◆ Task instructions ◆
Can you copy out the data exactly? Leave the images out.

◆ Data to process ◆
——

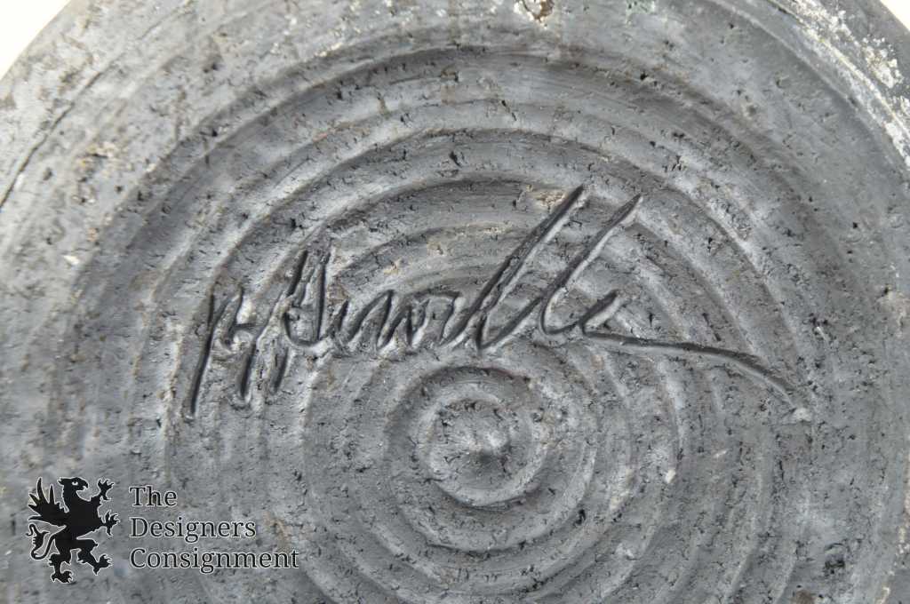 A gorgeous pair of Raku sighned vases. Each vase has a black body with long green leaves and flowers along the top. Amazing color and detail! Perfect for use or display
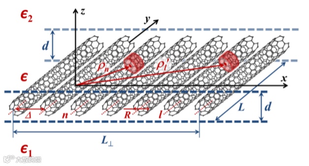 近年来,碳纳米管(CNs)在光学纳米材料的研究中越来越热门。这些中空的石墨烯圆柱体直径为一纳米至几纳米,长度不超过一厘米,在器件应用发挥出重要作用。目前,CN已成功集成到小型电子,机电和化学设备中,在光吸收和散射光谱,电子能量损失光谱,量子电子传输和一般的集体电磁场领域已证明了CNs的强大潜力。基于碳纳米管的尺寸减小的材料(例如周期性和准周期性的平面平行CN阵列和薄膜)可通过改变组成CN的密度,直径和手性来提供显著的稳定性,柔性以及其他物理特性的精确可调性。目前,薄壁和超薄的单壁CN(SWCN)和相关系统的周期性排列阵列正处于实验开发过程中。如果人们知道如何控制其CN阵列的集体激发,例如激子,等离激元及其相互作用,则可以控制CN阵列的特性。CN周期性允许形成等离激元带,由此周期性的CN阵列和膜应在近场中表现为ε-接近零的等离激元超材料(MM),而在远处仍保持强光吸收剂和偏振器。
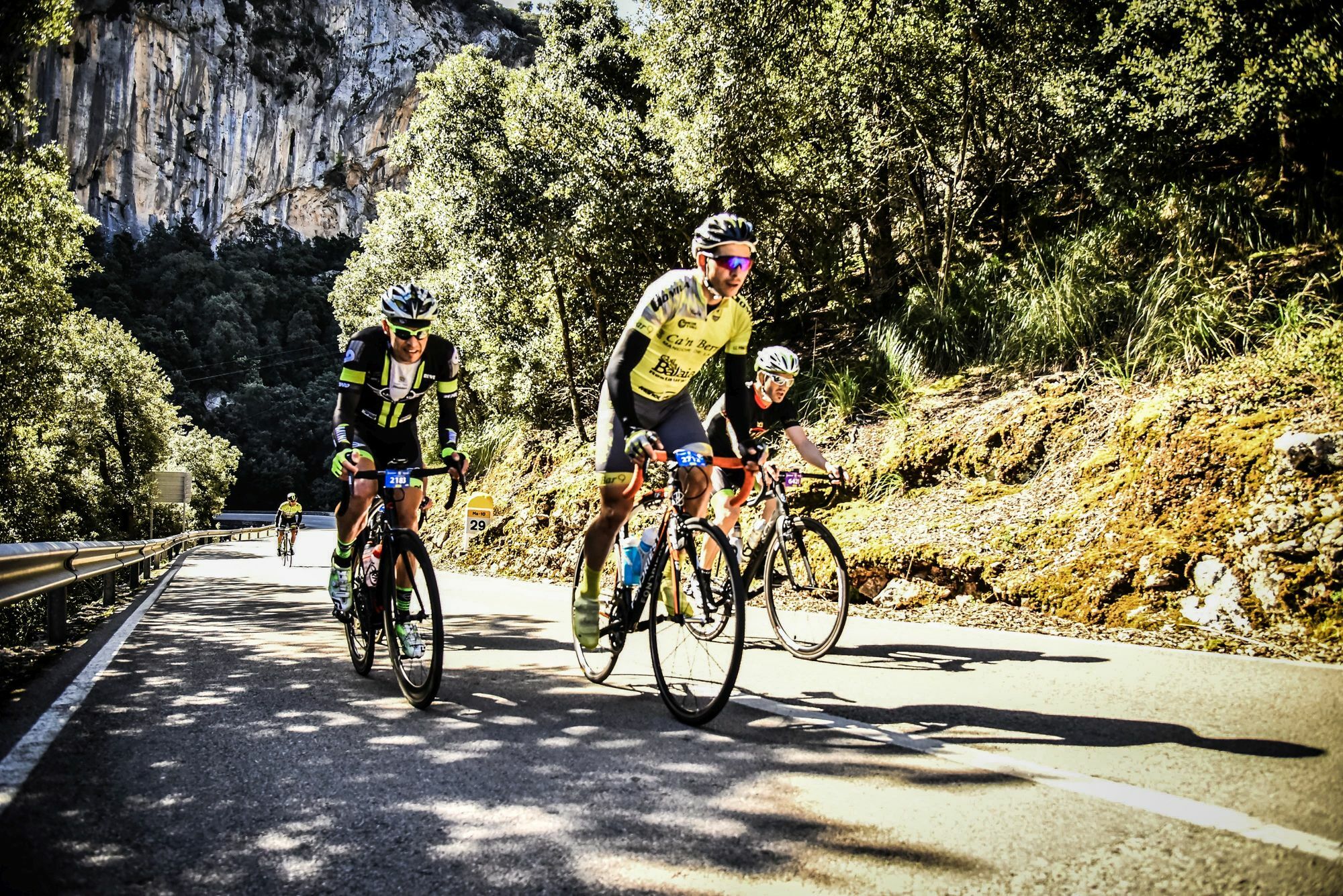 Beim »M312«, das seit einigen Jahren auf Mallorca stattfindet und - wie bereits geschildert, als eines der härtesten Radrennen für Amateure weltweit gilt, gingen Ende April 6500 Starter auf die Strecke. Sie hatten dabei die Auswahl, ob es über 167, 225 oder 312 Kilometer gehen sollte. Christian Dörfler aus Kall ging für das »Team MINI Düren« auf die 167 Kilometer lange Strecke, die insgesamt 2475 Höhenmeter aufwies. Um 9.15 Uhr fiel in »Platja de Muro« der Startschuss für alle Teilnehmer. Christian Dörfler: »Nachdem die ersten Kilometer neutral gefahren wurden, folgte bald der scharfe Start.« Bereits am ersten Anstieg, dem »Coll de Femenia«, konnte sich nach rund 35 Kilometern eine sechsköpfige Spitzengruppe absetzen, in der auch Dörfler vertreten war. Auf dem folgendem »Coll de Puig Major« hatte die Gruppe einen Mitstreiter verloren. Die verbleibenden fünf Ausreißer stürzten sich gemeinsam in die Abfahrt runter nach Soller. Dörfler: »Die Gruppe harmonierte gut zusammen, so dass es nach drei weiteren Colls, die es noch zu überfahren galt, und einigen Versuchen, sich von der Gruppe abzusetzen, am Ende im Ziel in Platja de Muro zu einem Sprint kam.« Und bei dem belegte Christian Dörfler dann den vierten Platz.
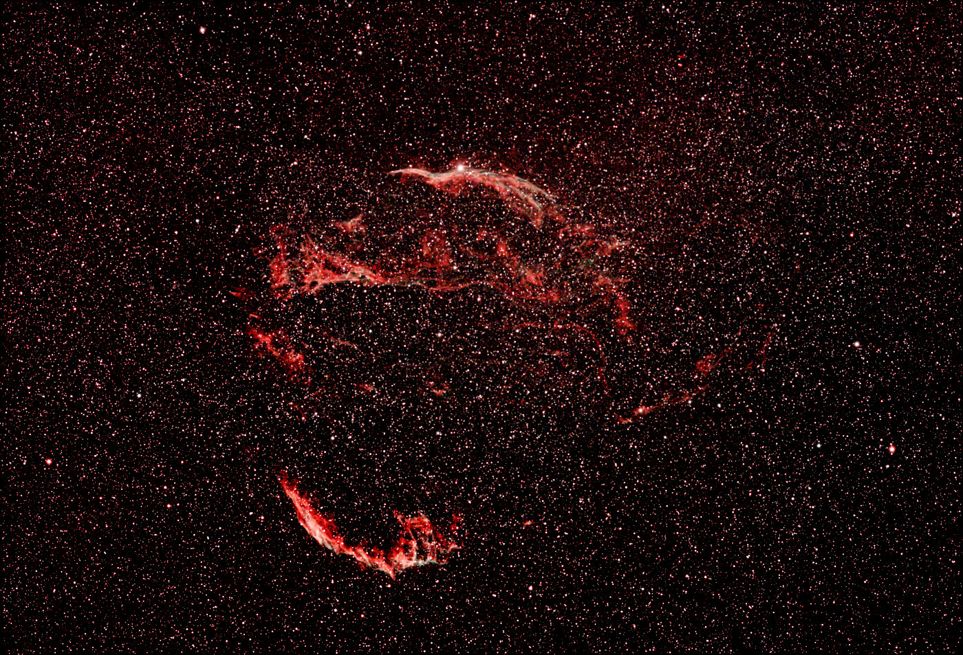 | Description | The Veil nebula is a legendary target and I've always felt my earlier captures didn't do it justice. This took advantage of a transparent but full moon night on a windy evening to capture a widefield view. Framed in NINA. Processed in Affinity Photo... This is a view of the entire Veil Nebula, which I prefer anyway. The western is roughly 2/3 of the image. The Easter Veil is the bright segment at the bottom of the loop, which is covered separately in another observation. |
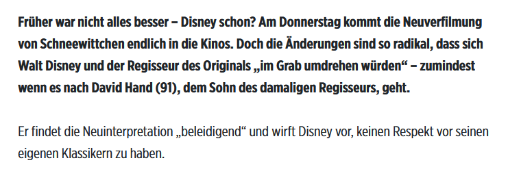 Aber man wollte den Namen Snow White ja nutzen, weil den ja schon alle kennen. Der PR Trubel der nun entstanden ist freut Disney um so mehr, kostenlose Aufmerksamkeit erregt. $$$$
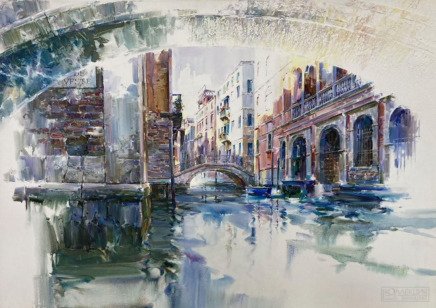И ещё одно важное наблюдение. Несмотря на довольно насыщенную цветовую палитру, картины не вызывают нервозности и возбуждения, но наоборот при взгляде на них будто бы всё стихает внутри. И вот уже нет заполненного людьми зала, только ты, плывущий на зыбкой гондоле по темной воде канала, или ставший бутоном весеннего цветка, что колышется на ветру. Стоит только захотеть и за долю секунды можно совершить настоящее путешествие в волшебный мир образов и самых невероятных фантазий. Вот такие вот чудеса.
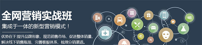 全网整合营销实战班全网营销是全网整合营销的简称,即从产品规划、产品开发、产品定位、网站建设、网站运营、品牌推广、产品营销 等于一体的营销模式。整合互联网渠道(包括移动互联网、PC互
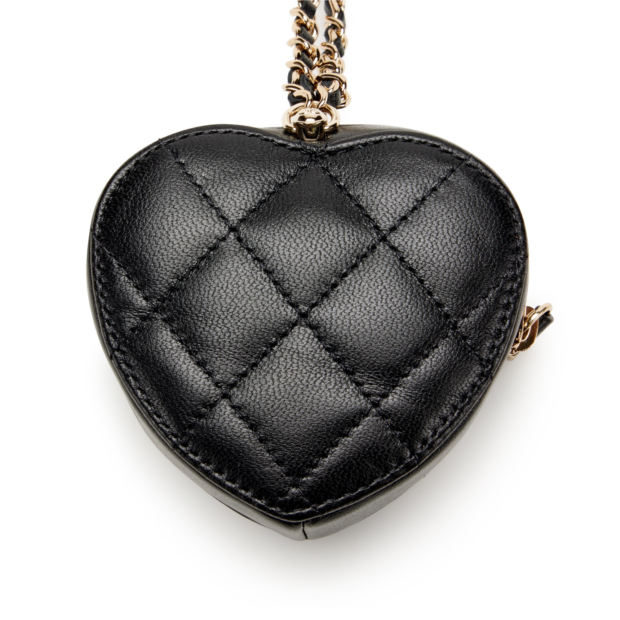 Black Quilted Lambskin Heart Zipped Coin Purse Necklace Gold Hardware, 2022
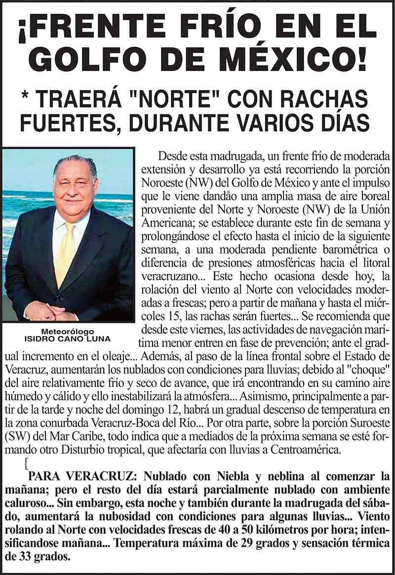 PRIMERA ¡FRENTE FRÍO EN EL GOLFO DE MÉXICO! * TRAERÁ "NORTE" CON RACHAS FUERTES, DURANTE VARIOS DÍAS 10 noviembre 2023 Más Noticias ¡PASA EL PLAN B! - TOPE A REGIEDURÍAS ¡VINO TERESO! - EL DE LA CTM ¡PARALIZADOS! - CAOS EN CHICONTEPEC ¡YA HAY CONSEJO DE SALUD MENTAL! ¡VAN CONTRA INVASORES! - DE MANGLARES ¡NO QUIEREN ‘CHOU’! - Y LA REVIENTAN... ¡EJECUTAN A LÍDER DE LA CTM! - EN IXHUATLÁN DEL SURESTE ¡MUERE MARTHA ELSA DURAZZO! - LUTO EN LAS LETRAS ¡BUSCAN EVITAR FRAUDES EN LA COMPRA DE COCHES! ¡PÁNICO EN PLAZA VALLE! - EN ORIZABA

——

◆ Answer to this task ◆
 A gorgeous pair of Raku sighned vases. Each vase has a black body with long green leaves and flowers along the top. Amazing color and detail! Perfect for use or display
 近年来,碳纳米管(CNs)在光学纳米材料的研究中越来越热门。这些中空的石墨烯圆柱体直径为一纳米至几纳米,长度不超过一厘米,在器件应用发挥出重要作用。目前,CN已成功集成到小型电子,机电和化学设备中,在光吸收和散射光谱,电子能量损失光谱,量子电子传输和一般的集体电磁场领域已证明了CNs的强大潜力。基于碳纳米管的尺寸减小的材料(例如周期性和准周期性的平面平行CN阵列和薄膜)可通过改变组成CN的密度,直径和手性来提供显著的稳定性,柔性以及其他物理特性的精确可调性。目前,薄壁和超薄的单壁CN(SWCN)和相关系统的周期性排列阵列正处于实验开发过程中。如果人们知道如何控制其CN阵列的集体激发,例如激子,等离激元及其相互作用,则可以控制CN阵列的特性。CN周期性允许形成等离激元带,由此周期性的CN阵列和膜应在近场中表现为ε-接近零的等离激元超材料(MM),而在远处仍保持强光吸收剂和偏振器。
 Beim »M312«, das seit einigen Jahren auf Mallorca stattfindet und - wie bereits geschildert, als eines der härtesten Radrennen für Amateure weltweit gilt, gingen Ende April 6500 Starter auf die Strecke. Sie hatten dabei die Auswahl, ob es über 167, 225 oder 312 Kilometer gehen sollte. Christian Dörfler aus Kall ging für das »Team MINI Düren« auf die 167 Kilometer lange Strecke, die insgesamt 2475 Höhenmeter aufwies. Um 9.15 Uhr fiel in »Platja de Muro« der Startschuss für alle Teilnehmer. Christian Dörfler: »Nachdem die ersten Kilometer neutral gefahren wurden, folgte bald der scharfe Start.« Bereits am ersten Anstieg, dem »Coll de Femenia«, konnte sich nach rund 35 Kilometern eine sechsköpfige Spitzengruppe absetzen, in der auch Dörfler vertreten war. Auf dem folgendem »Coll de Puig Major« hatte die Gruppe einen Mitstreiter verloren. Die verbleibenden fünf Ausreißer stürzten sich gemeinsam in die Abfahrt runter nach Soller. Dörfler: »Die Gruppe harmonierte gut zusammen, so dass es nach drei weiteren Colls, die es noch zu überfahren galt, und einigen Versuchen, sich von der Gruppe abzusetzen, am Ende im Ziel in Platja de Muro zu einem Sprint kam.« Und bei dem belegte Christian Dörfler dann den vierten Platz.
 | Description | The Veil nebula is a legendary target and I've always felt my earlier captures didn't do it justice. This took advantage of a transparent but full moon night on a windy evening to capture a widefield view. Framed in NINA. Processed in Affinity Photo... This is a view of the entire Veil Nebula, which I prefer anyway. The western is roughly 2/3 of the image. The Easter Veil is the bright segment at the bottom of the loop, which is covered separately in another observation. |
 Aber man wollte den Namen Snow White ja nutzen, weil den ja schon alle kennen. Der PR Trubel der nun entstanden ist freut Disney um so mehr, kostenlose Aufmerksamkeit erregt. $$$$
И ещё одно важное наблюдение. Несмотря на довольно насыщенную цветовую палитру, картины не вызывают нервозности и возбуждения, но наоборот при взгляде на них будто бы всё стихает внутри. И вот уже нет заполненного людьми зала, только ты, плывущий на зыбкой гондоле по темной воде канала, или ставший бутоном весеннего цветка, что колышется на ветру. Стоит только захотеть и за долю секунды можно совершить настоящее путешествие в волшебный мир образов и самых невероятных фантазий. Вот такие вот чудеса.
 全网整合营销实战班全网营销是全网整合营销的简称,即从产品规划、产品开发、产品定位、网站建设、网站运营、品牌推广、产品营销 等于一体的营销模式。整合互联网渠道(包括移动互联网、PC互
 Black Quilted Lambskin Heart Zipped Coin Purse Necklace Gold Hardware, 2022
 PRIMERA ¡FRENTE FRÍO EN EL GOLFO DE MÉXICO! * TRAERÁ "NORTE" CON RACHAS FUERTES, DURANTE VARIOS DÍAS 10 noviembre 2023 Más Noticias ¡PASA EL PLAN B! - TOPE A REGIEDURÍAS ¡VINO TERESO! - EL DE LA CTM ¡PARALIZADOS! - CAOS EN CHICONTEPEC ¡YA HAY CONSEJO DE SALUD MENTAL! ¡VAN CONTRA INVASORES! - DE MANGLARES ¡NO QUIEREN ‘CHOU’! - Y LA REVIENTAN... ¡EJECUTAN A LÍDER DE LA CTM! - EN IXHUATLÁN DEL SURESTE ¡MUERE MARTHA ELSA DURAZZO! - LUTO EN LAS LETRAS ¡BUSCAN EVITAR FRAUDES EN LA COMPRA DE COCHES! ¡PÁNICO EN PLAZA VALLE! - EN ORIZABA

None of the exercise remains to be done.